Harris’s father, whom she counts as a big supporter and responsible for much of her musical education, took her to the first Austin City Limits Music Festival, where she had the life-changing, Eureka moment of seeing Emmylou Harris, Patty Griffin, and Buddy and Julie Miller perform on stage at the same time. It was then the young Harris knew what she had to do. She had found her ticket out. 

Harris continues: “Why was I able to get out of my boomerang town? Why are others stuck there, longing to leave but unable to find their way out? Writing these songs, bringing these narrators to life, brought me closer to the answers,” she says.

Themes of grief and addiction permeate other sections of the record. “How Could You Be Gone,” which Harris wrote with her partner, the venerable folk songwriter Mary Gauthier, reflects on the passing of a close friend during the pandemic, as well as the 2017 death of Harris’s mentor and compadre Jimmy LaFave, a long-time fixture on the Americana scene who succumbed to cancer. “It’s been my experience that grief operates on its own timeline,” Harris says. “I wanted this track to build and repeat with intensity to mirror the experience of relentless grief.” Another song, “Fall (Devin’s Song),” is about a former childhood classmate of Harris’s who was accidentally shot and killed in the sixth grade. The song was inspired by a series of “In Memoriam” pieces the boy’s mother wrote to the local paper, and the song serves as a tribute to both of them, as well as a commentary on the timeless nature of grief. 

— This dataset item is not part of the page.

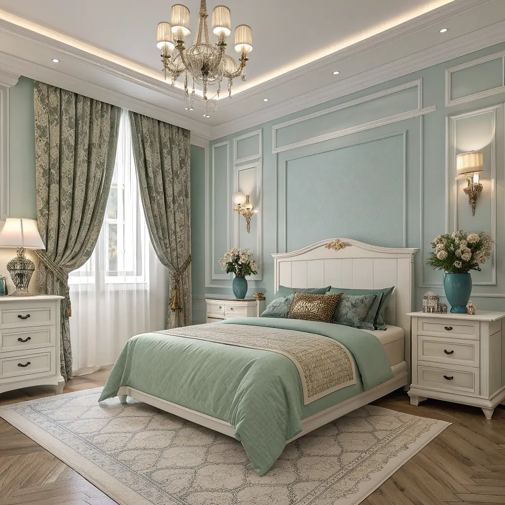 Elegant Blue and Sage Green Bedroom

One of the album’s standout tracks is the lilting, Irish-influenced “The Fair And Dark Haired Lad,” a Chicks type-number that grapples with the seductive nature of alcohol. Another tune that deals with the demon rum, “Sam’s,” is far more dirge-like, and its dark, circular melody mirrors the claustrophobia and sense of trapping that comes with the onset of addiction and mental collapse. 

Boomerang Town is not entirely a lament, however, with songs like “Love is Gonna Come Again” and the wistful “Missing Someone” shining with hope in the face of the darkness. For this is a record that understands that love and grief are two sides of the same coin. It also announces the arrival of a great new songwriter on the scene. 

“My goal is to just write the best possible song I can write,” Harris says, “and I wanted to have ten songs that made sense together sonically. I still believe in the album format, and I wanted to lay the groundwork as a solid songwriter.” On Boomerang Town, Jaimee Harris, who was able to find her way out — unlike so many others — has accomplished all that, and much more.